Systematically process external resources into actionable knowledge. When a user links an article, blog post, or paper, this skill guides evaluation, storage decisions, and application routing.

When To Use

  • Capturing and organizing knowledge from sessions
  • Ingesting information into structured memory palaces

When NOT To Use

  • Temporary notes that do not need long-term storage
  • Code-only changes without knowledge capture needs

What It Is

A knowledge governance framework that answers three questions for every external resource:

  1. Is it worth storing? - Evaluate signal-to-noise and relevance
  2. Where does it apply? - Route to local codebase or meta-infrastructure
  3. What does it displace? - Identify outdated knowledge to prune

The Intake Signal

When a user links an external resource, it is a signal of importance.

The act of sharing indicates the resource passed the user's own filter.

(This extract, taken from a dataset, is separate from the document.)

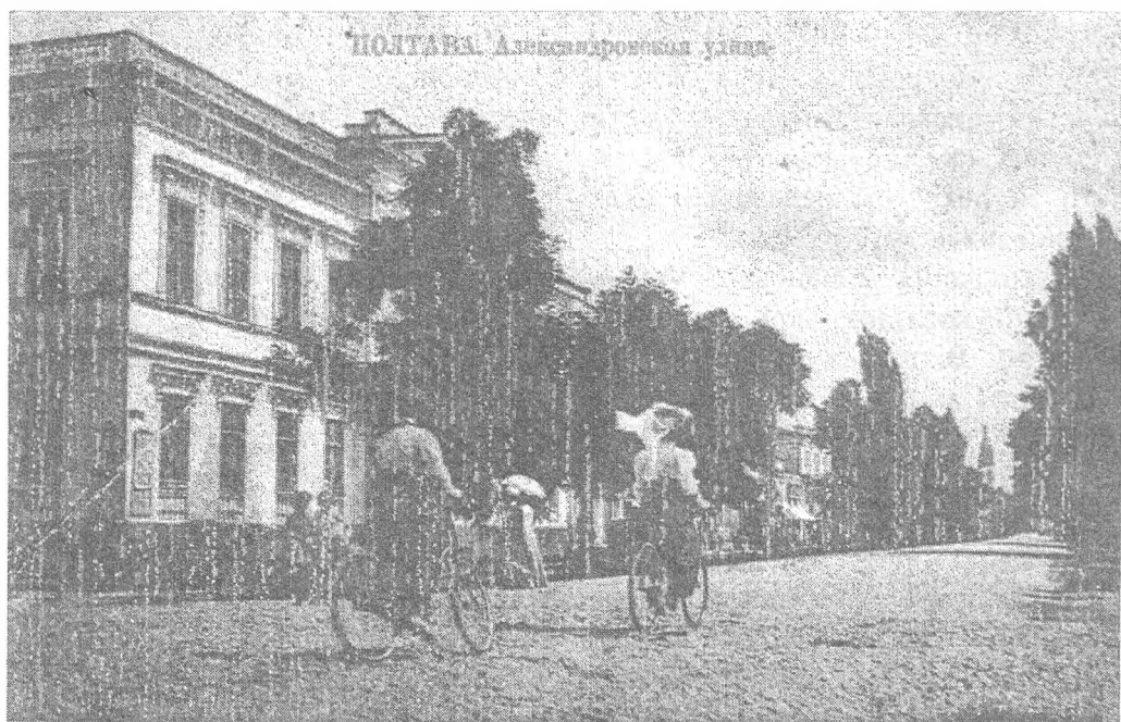
Полтава, Олександрівська вулиця (на передньому плані будівля колишньої ремісничої управи, листівка початку ХХ ст.)

Our job is to:

  • Extract the essential patterns and insights
  • Determine appropriate storage location and format
  • Connect to existing knowledge structures
  • Identify application opportunities

Quick Start

When a user shares a link:

1. FETCH    → Retrieve and parse the content
2. EVALUATE → Apply importance criteria
3. DECIDE   → Storage location and application type
4. STORE    → Create structured knowledge entry
5. VALIDATE → Scribe verification (slop scan + doc verify)
6. CONNECT  → Link to existing palace structures
7. APPLY    → Route to codebase or infrastructure updates
8. PRUNE    → Identify displaced/outdated knowledge

Step 5: Scribe Validation (Required)

All knowledge corpus entries MUST pass scribe validation before finalizing.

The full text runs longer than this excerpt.